자세 벡터(θ)는 추정하는 관절의 개수가 K개인 경우, 3 * K 차원(θ = [θ_0,1, θ_0,2, θ_0,3, θ_1,1, …, θ_K,1, θ_K,2, θ_K,3] ∈

^3K)일 수 있다. 여기서는 고관절을 루트 관절로 하여 관절의 개수가 24개인 SMPL 모델을 가정하며, 이에 자세 벡터(θ)는 72차원(3 * 24)의 매개 변수로 설정될 수 있다. 3 * K 차원의 자세 벡터(θ) 중 초기 3개 차원의 자세 벡터(θ₀) = [θ_0,1, θ_0,2, θ_0,3] ∈

³)는 루트 관절을 중심으로 하는 인간 모델 전체의 회전을 나타내는 전역 회전 벡터(θ₀)이다. 그리고 자세 벡터(θ)에서 루트 관절에 대한 전역 회전 벡터(θ₀)를 제외한 나머지 K-1개의 관절에 대한 자세 벡터(θ_J = [θ₁, θ₂, …, θ_K-1])는 루트 관절을 시점으로 연결된 각 관절들 사이의 상대적 회전각으로 각 관절의 위치를 나타내는 바디 회전 벡터라 할 수 있다.The posture vector (θ) is 3 * K dimension (θ = [θ _0,1 , θ _0,2 , θ _0,3 , θ _1,1 , …, θ _{K,1 ) when the number of joints to be estimated is K.} , θ _K,2 , θ _K,3 ] ∈

^3K ). Here, an SMPL model in which the number of joints is 24 is assumed using the hip joint as the root joint, and the posture vector (θ) can be set as a parameter of 72 dimensions (3 * 24). 3 * Among the K-dimensional posture vectors (θ), the initial three-dimensional posture vectors (θ ₀ ) = [θ _0,1 , θ _0,2 , θ _0,3 ] ∈

³ _{) is the global rotation vector (θ 0} ) representing the rotation of the entire human model around the root joint. _{And the posture vector (θ J} = [θ ₁ , θ ₂ , …, θ _K-1 ]) for the remaining K-1 joints except for the global rotation vector (θ _{0 ) for the root joint from the posture vector (θ) is} It can be called a body rotation vector indicating the position of each joint as a relative rotation angle between each joint connected to the root joint as a starting point.

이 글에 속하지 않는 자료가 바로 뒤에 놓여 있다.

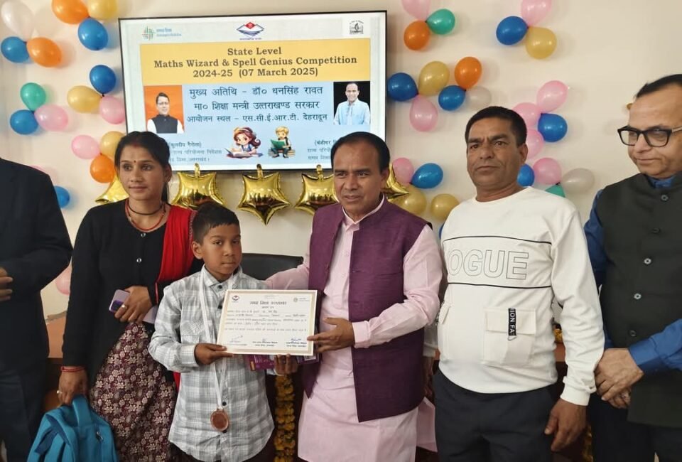 एससीईआरटी उत्तराखंड के सभागार में राज्य परियोजना समग्र शिक्षा उत्तराखंड द्वारा राज्य स्तरीय मैथ्स विजार्ड एवं स्पेल जीनियस प्रतियोगिता आयोजित की गई। कार्यक्रम का उद्घाटन डॉ धन सिंह रावत जी माननीय शिक्षा मंत्री उत्तराखंड सरकार द्वारा दीप प्रज्वलित कर किया गया। अपर राज्य परियोजना निदेशक श्री कुलदीप गैरोला जी द्वारा मुख्य अतिथियों का स्वागत कर कार्यक्रम की रूपरेखा रखी गई। उन्होंने बताया कि राज्य स्तरीय मैथ्स विजार्ड एवं स्पेल जीनियस प्रतियोगिता में 13 जनपदों के 26-26 प्रतिभागियों एवं प्रति जनपद 2 एस्कॉर्ट शिक्षक शिक्षिकाओं ने प्रतिभाग किया। प्रतियोगिता में स्पेल जीनियस के अंतर्गत डिक्टेशन, फ़िल इन द ब्लैंक्स एवं रैपिड फायर राउंड आयोजित किए गए। स्पेल जीनियस प्रतियोगिता में शिखर अवस्थी ,राप्रावि डांडा लाखोंड देहरादून प्रथम, सागर कुमार राप्रावि खलियान रुद्रप्रयाग द्वितीय, नितिन कुमार पी एम श्री राआप्रावि कपकोट ने तृतीय स्थान प्राप्त किया। मैथ्स विजार्ड प्रतियोगिता में हर्षित राप्रावि सौला अल्मोड़ा प्रथम स्थान ,उदित जोशी राप्रावि गुरना बिन पिथौरागढ़ द्वितीय स्थान तथा अंश सिंह रा प्रा वि तितराना टिहरी ने तृतीय स्थान प्राप्त किया। माननीय शिक्षा मंत्री जी द्वारा प्रथम तथा द्वितीय स्थान प्राप्त करने वाले प्रतिभागियों को टेबलेट, प्रमाण पत्र, रिश्ट वॉच ,स्कूल बैग ,ट्रैक सूट एवं स्टेशनरी वितरित किए गए। अन्य सभी प्रतिभागियों को स्कूल बैग, रिष्ट वाच, ट्रैक सूट ,तथा स्टेशनरी वितरित की गई।इ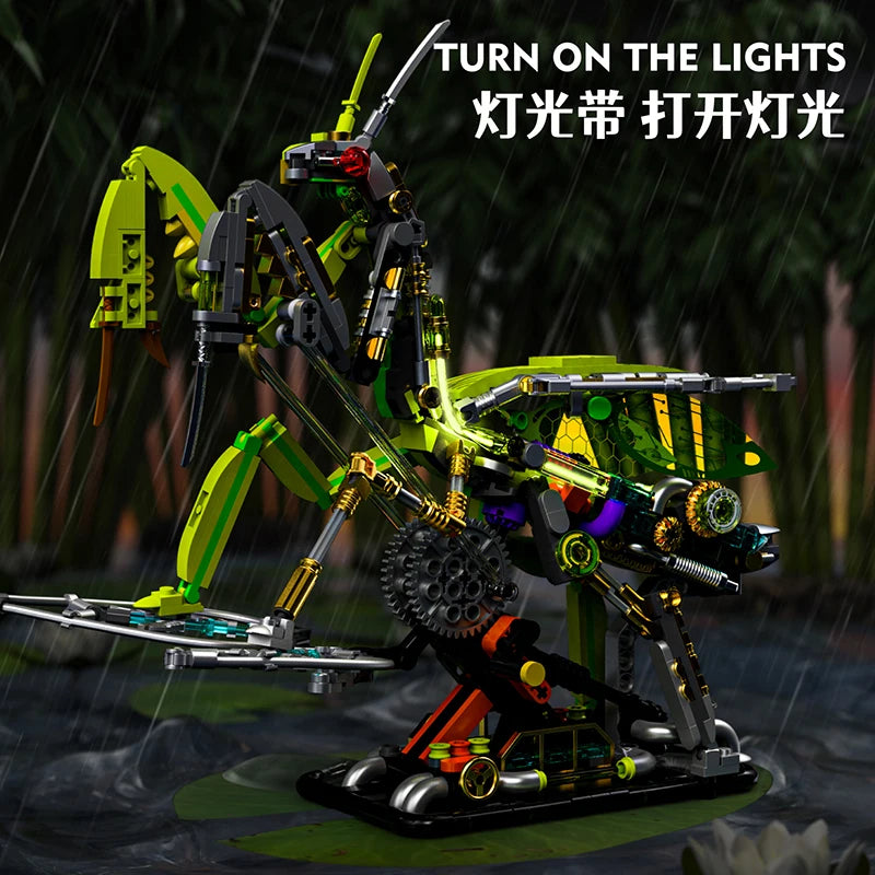 Theme: insects (specifically a praying mantis). The assembled model size is about 27 × 14.5 × 31 cm.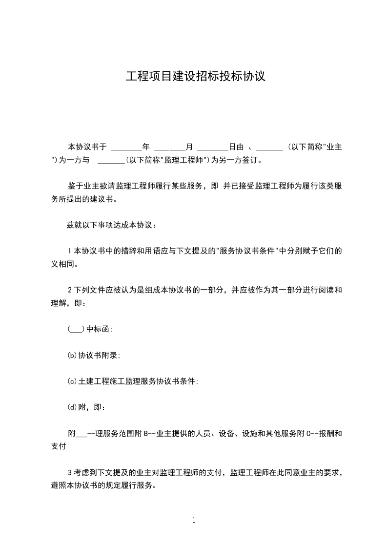 本协议书于 ________年 ________月 ________日由 、_______ (以下简称"业主")为一方与 _______(以下简称"监理工程师")为另一方签订。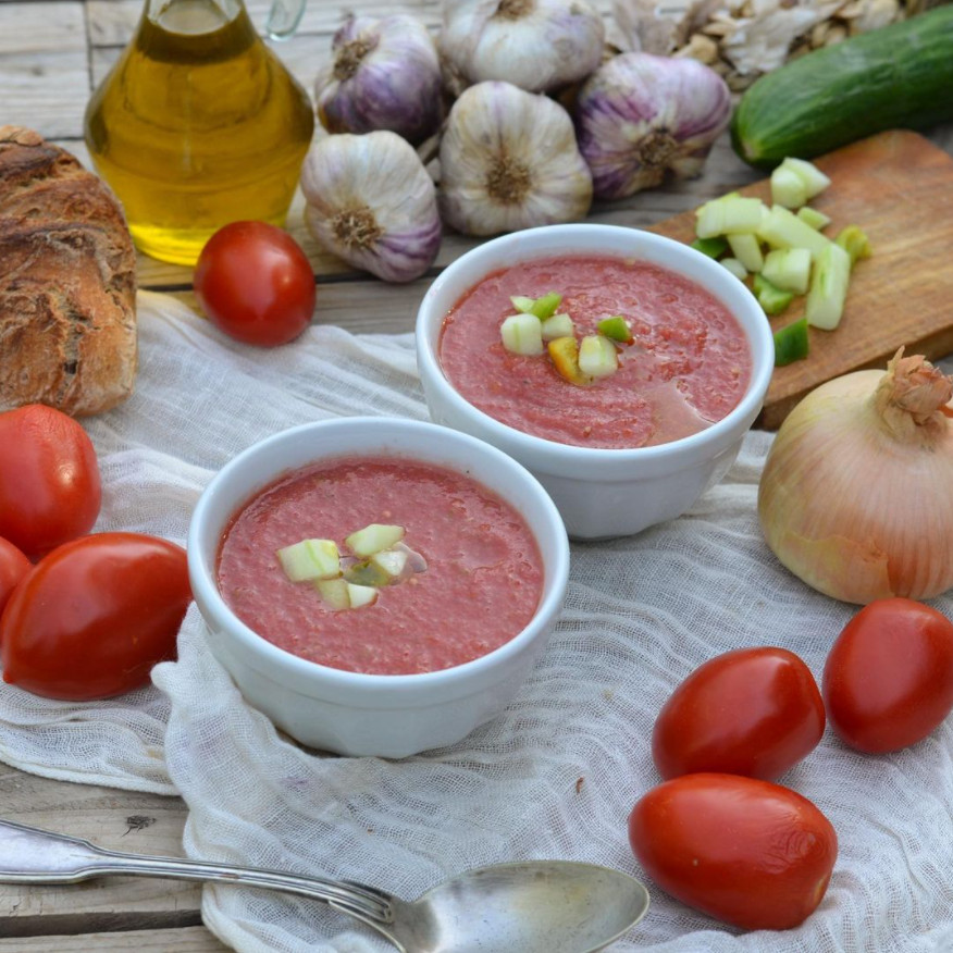 Легкий летний суп из перетертых овощей. Его основа — спелые, ароматные томаты, огурцы, кусочки белого хлеба, чеснок, оливковое масло и лед. В некоторых вариациях рецепта добавляют кабачки, сладкий перец, тыкву и лук-шалот.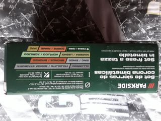 Set de sierras de corona bimetálicas de la marca Parkside. Incluye diferentes tamaños para taladros y atornilladoras. Esta en su caja sin habrir, completamente nuevas. - Sierras de corona bimetálicas. - Aptas para taladros portátiles y atornilladoras recargables convencionales. - Set frese a tazza in bimetallo. - Adatte per tutti i trapani manuali e i trapani ricaricabili di uso comune.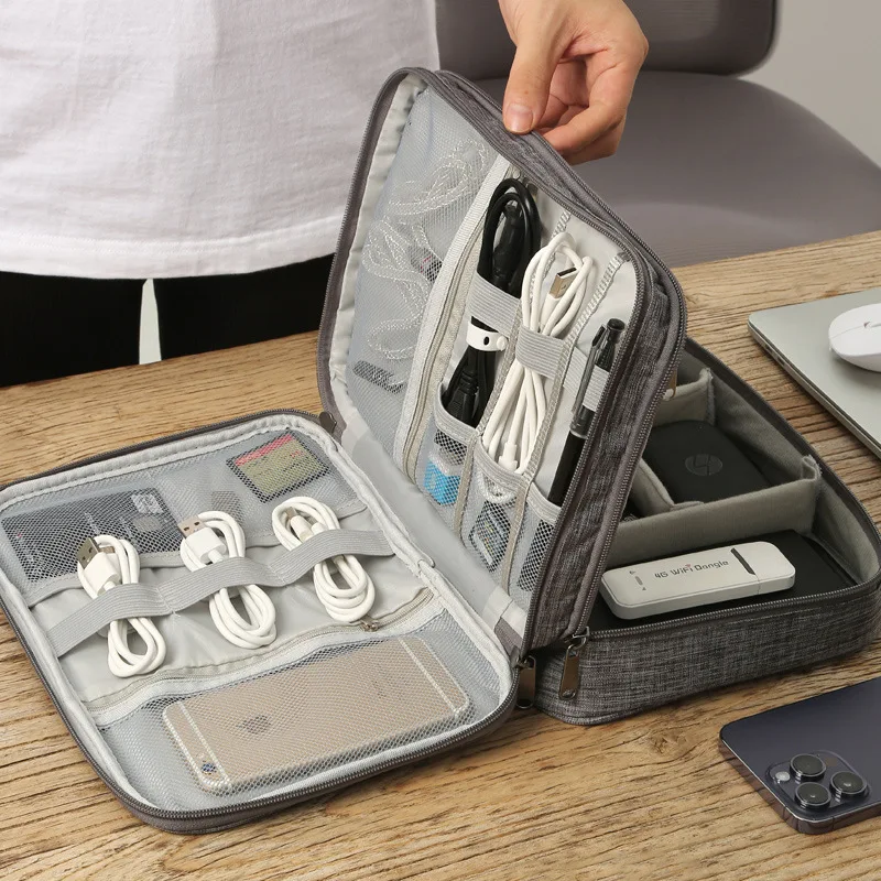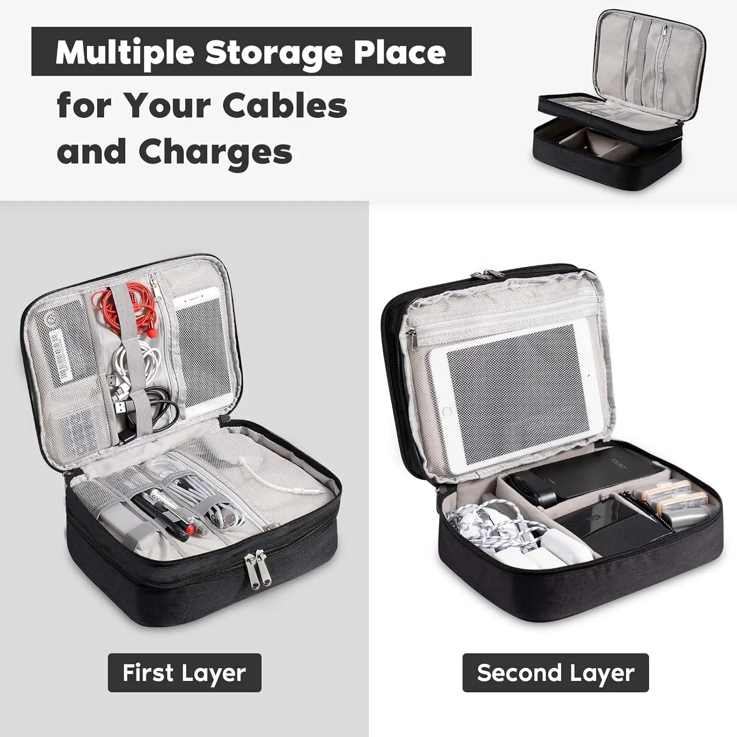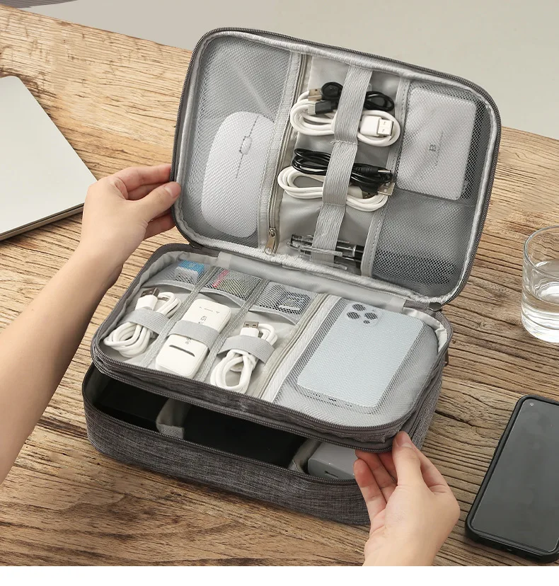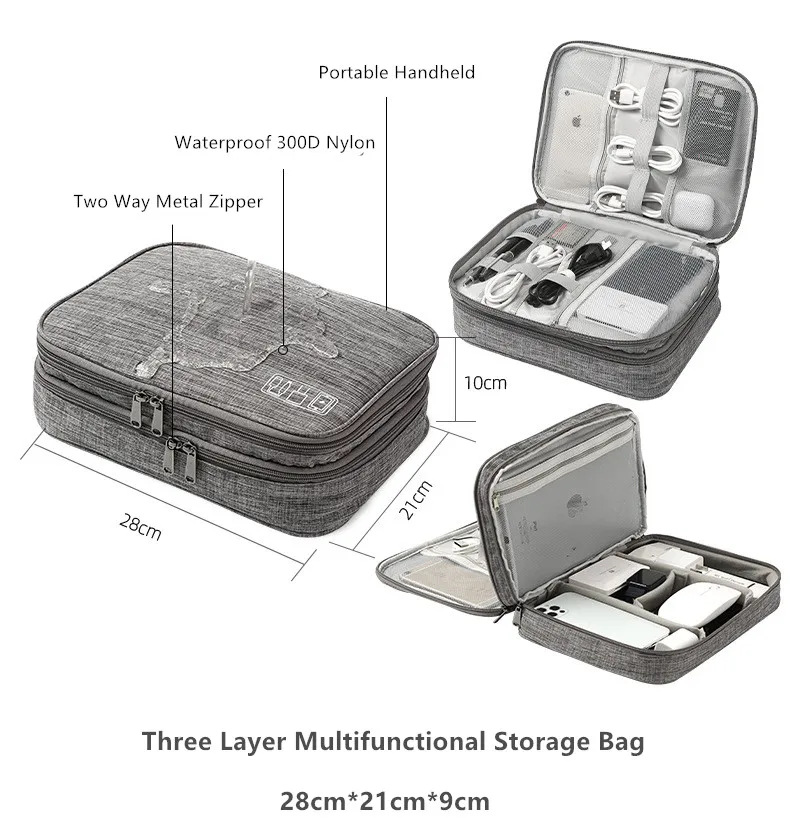 3단 디지털 수납 가방 다기능 케이블 정리함 휴대용 방수 여행용 케이스 (케이블, 데이터, 보조 배터리, 이어폰 수납)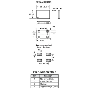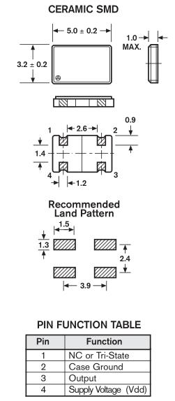 No Connect (Std.) Tri-State (option T) VIH: 2.2 V or Open Enables Output VIL: 0.8 V Disables Output Output Disable/Enable Time: 100 nS max. |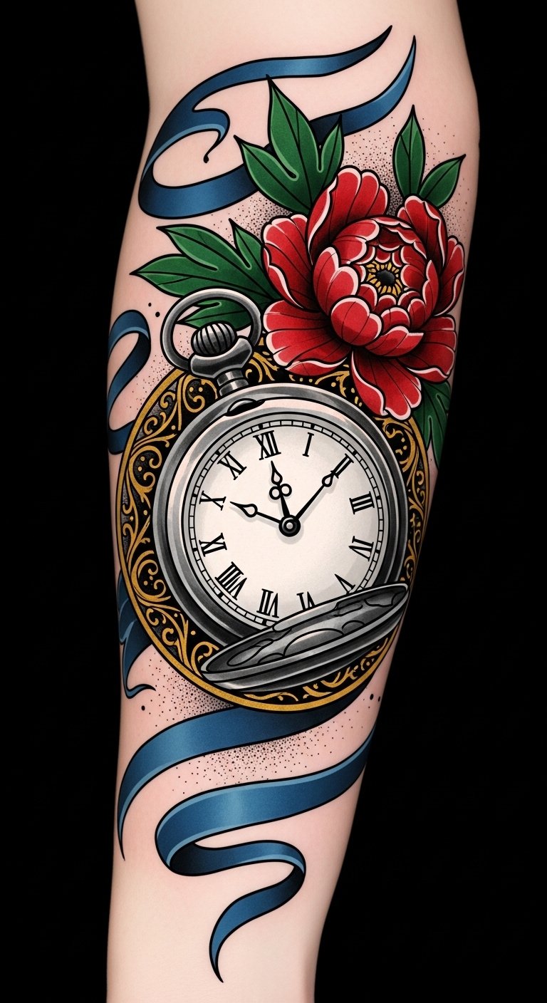 The pocket watch symbolizes time’s passage and memory, while the peony represents beauty and resilience; together with the flowing ribbons and filigree they evoke nostalgia tempered by personal growth.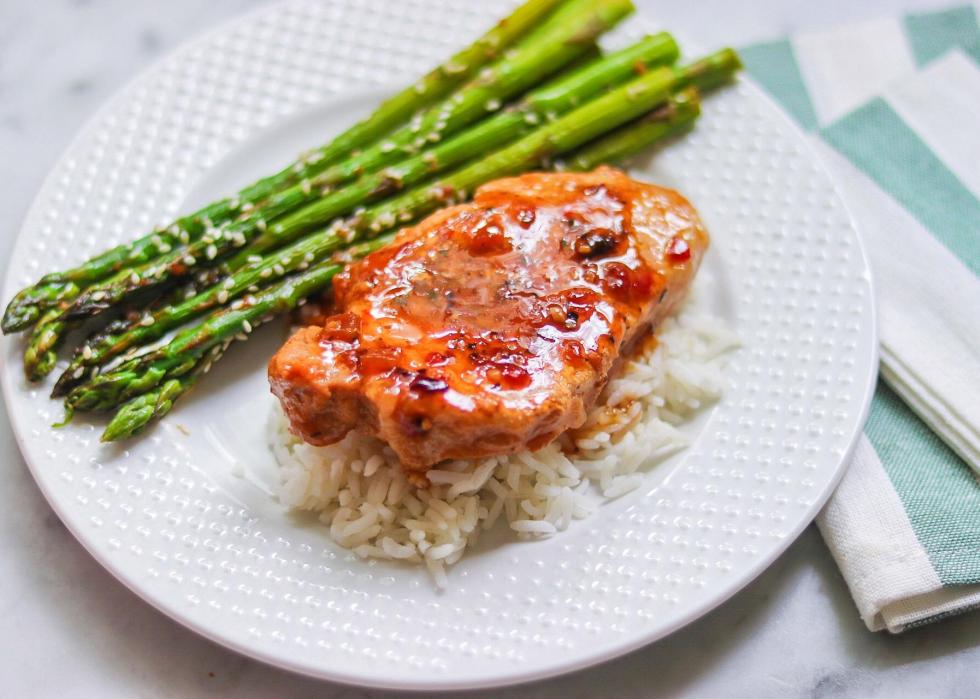 Marinades are a great way to add a little flavor to your meat without necessarily adding a ton of ingredients to the list. The marinade for this pork chop recipe is made with Italian dressing, soy sauce, and a little bit of black pepper. Cooking the pork chops on a skillet on the stovetop helps to give the outside of a meat a bit of crisp while keeping the inside juicy and tender.

그러므로 체형 벡터(β)와 자세 벡터(θ)가 획득되면, SMPL 모델 템플릿으로부터 체형 벡터(β)와 자세 벡터(θ)에 대응하는 인간 모델을 획득할 수 있다.Therefore, when the body shape vector (β) and the posture vector (θ) are obtained, a human model corresponding to the body shape vector (β) and the posture vector (θ) can be obtained from the SMPL model template.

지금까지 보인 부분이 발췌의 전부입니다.